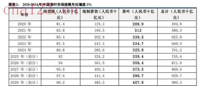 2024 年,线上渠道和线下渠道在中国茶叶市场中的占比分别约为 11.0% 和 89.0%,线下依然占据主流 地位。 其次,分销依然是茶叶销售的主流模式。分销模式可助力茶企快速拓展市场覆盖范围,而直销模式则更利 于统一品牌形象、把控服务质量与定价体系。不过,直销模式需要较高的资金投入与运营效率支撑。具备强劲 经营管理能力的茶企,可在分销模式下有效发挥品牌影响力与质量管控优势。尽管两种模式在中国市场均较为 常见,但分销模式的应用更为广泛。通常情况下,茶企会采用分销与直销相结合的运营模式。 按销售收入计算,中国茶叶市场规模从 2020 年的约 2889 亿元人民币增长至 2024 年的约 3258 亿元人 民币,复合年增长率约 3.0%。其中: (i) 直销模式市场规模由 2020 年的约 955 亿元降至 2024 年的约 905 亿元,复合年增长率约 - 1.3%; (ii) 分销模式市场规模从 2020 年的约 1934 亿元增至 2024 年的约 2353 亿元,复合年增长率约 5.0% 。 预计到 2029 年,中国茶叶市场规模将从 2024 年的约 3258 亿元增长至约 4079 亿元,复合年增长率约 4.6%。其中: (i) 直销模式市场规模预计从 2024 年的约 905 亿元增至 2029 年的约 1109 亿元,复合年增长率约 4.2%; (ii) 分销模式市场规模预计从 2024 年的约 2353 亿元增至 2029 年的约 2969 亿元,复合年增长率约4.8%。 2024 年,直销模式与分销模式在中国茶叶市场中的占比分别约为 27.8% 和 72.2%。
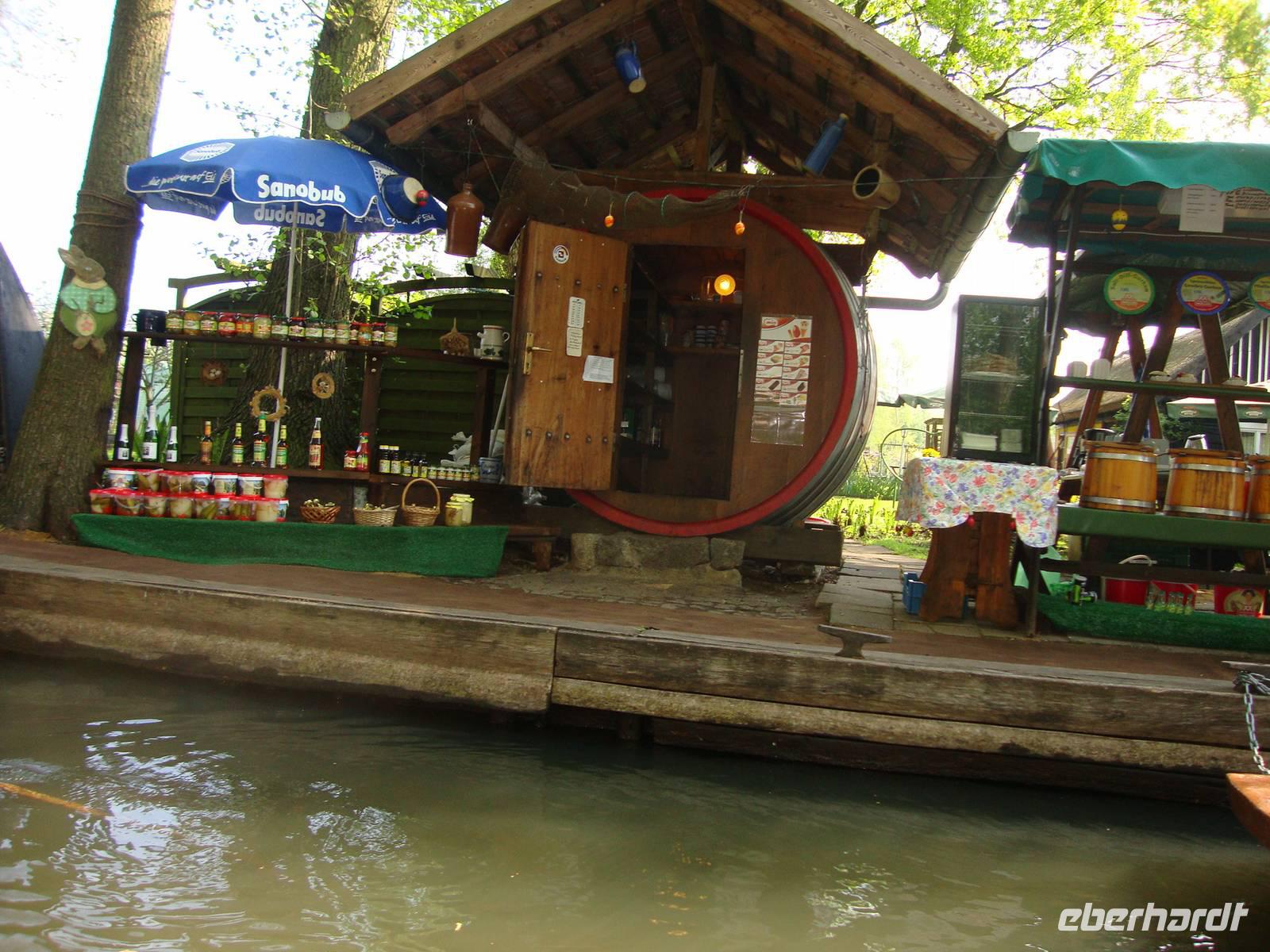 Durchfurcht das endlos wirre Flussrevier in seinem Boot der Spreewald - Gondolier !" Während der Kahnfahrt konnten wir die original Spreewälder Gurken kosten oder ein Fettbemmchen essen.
--
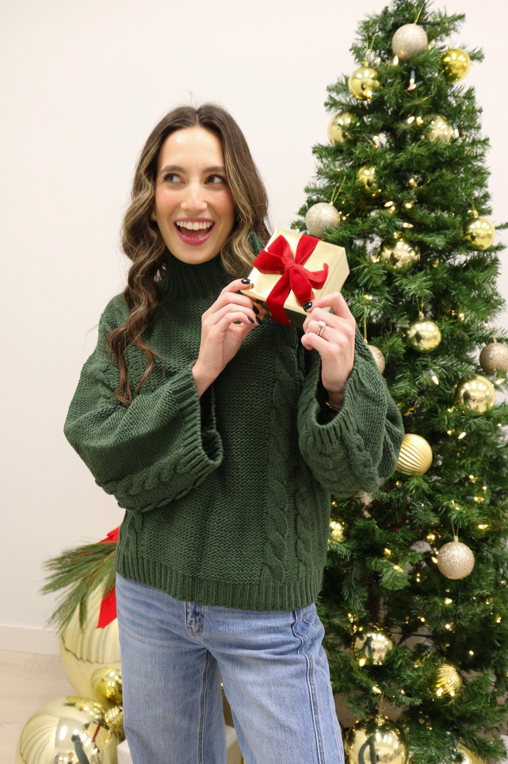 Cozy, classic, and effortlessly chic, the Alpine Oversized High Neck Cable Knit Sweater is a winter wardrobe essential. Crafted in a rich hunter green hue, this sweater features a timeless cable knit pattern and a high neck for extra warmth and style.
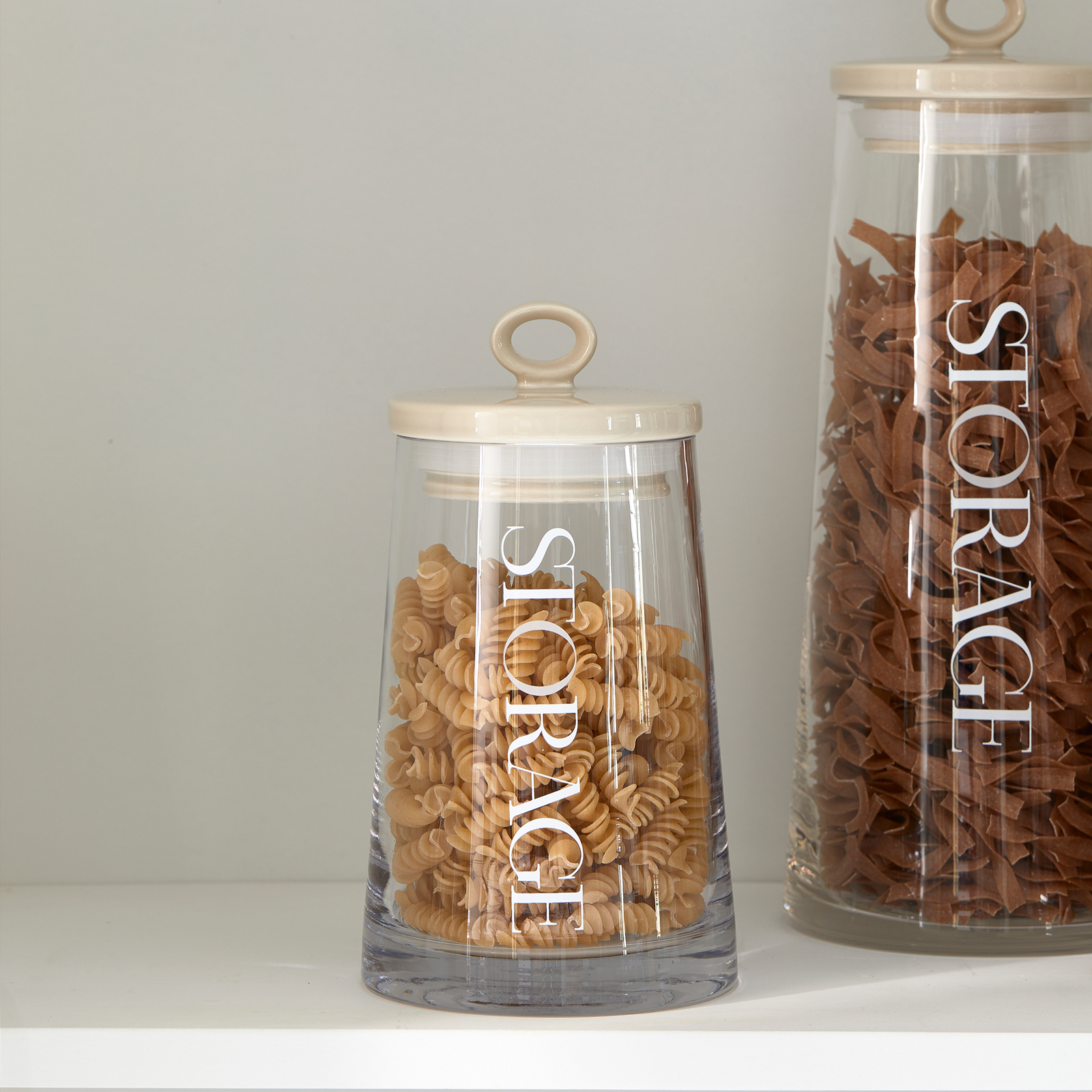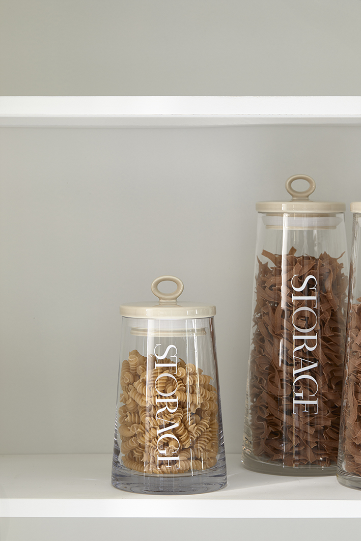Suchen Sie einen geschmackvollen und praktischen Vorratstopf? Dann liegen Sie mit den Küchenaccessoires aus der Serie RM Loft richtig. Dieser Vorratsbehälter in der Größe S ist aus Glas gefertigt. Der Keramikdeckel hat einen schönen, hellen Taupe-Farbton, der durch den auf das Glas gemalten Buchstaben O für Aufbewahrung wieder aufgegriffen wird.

■ Task to carry out ■
In the entries above, find the line containing "2024 年,线上渠道和线下渠道在中国茶叶市场中的占比分别约为 11.0%" and the line containing "Durchfurcht das endlos"; give again exactly those two lines and every line between them, minus the pictures.

■ Solution to this task ■
 2024 年,线上渠道和线下渠道在中国茶叶市场中的占比分别约为 11.0% 和 89.0%,线下依然占据主流 地位。 其次,分销依然是茶叶销售的主流模式。分销模式可助力茶企快速拓展市场覆盖范围,而直销模式则更利 于统一品牌形象、把控服务质量与定价体系。不过,直销模式需要较高的资金投入与运营效率支撑。具备强劲 经营管理能力的茶企,可在分销模式下有效发挥品牌影响力与质量管控优势。尽管两种模式在中国市场均较为 常见,但分销模式的应用更为广泛。通常情况下,茶企会采用分销与直销相结合的运营模式。 按销售收入计算,中国茶叶市场规模从 2020 年的约 2889 亿元人民币增长至 2024 年的约 3258 亿元人 民币,复合年增长率约 3.0%。其中: (i) 直销模式市场规模由 2020 年的约 955 亿元降至 2024 年的约 905 亿元,复合年增长率约 - 1.3%; (ii) 分销模式市场规模从 2020 年的约 1934 亿元增至 2024 年的约 2353 亿元,复合年增长率约 5.0% 。 预计到 2029 年,中国茶叶市场规模将从 2024 年的约 3258 亿元增长至约 4079 亿元,复合年增长率约 4.6%。其中: (i) 直销模式市场规模预计从 2024 年的约 905 亿元增至 2029 年的约 1109 亿元,复合年增长率约 4.2%; (ii) 分销模式市场规模预计从 2024 年的约 2353 亿元增至 2029 年的约 2969 亿元,复合年增长率约4.8%。 2024 年,直销模式与分销模式在中国茶叶市场中的占比分别约为 27.8% 和 72.2%。
 Durchfurcht das endlos wirre Flussrevier in seinem Boot der Spreewald - Gondolier !" Während der Kahnfahrt konnten wir die original Spreewälder Gurken kosten oder ein Fettbemmchen essen.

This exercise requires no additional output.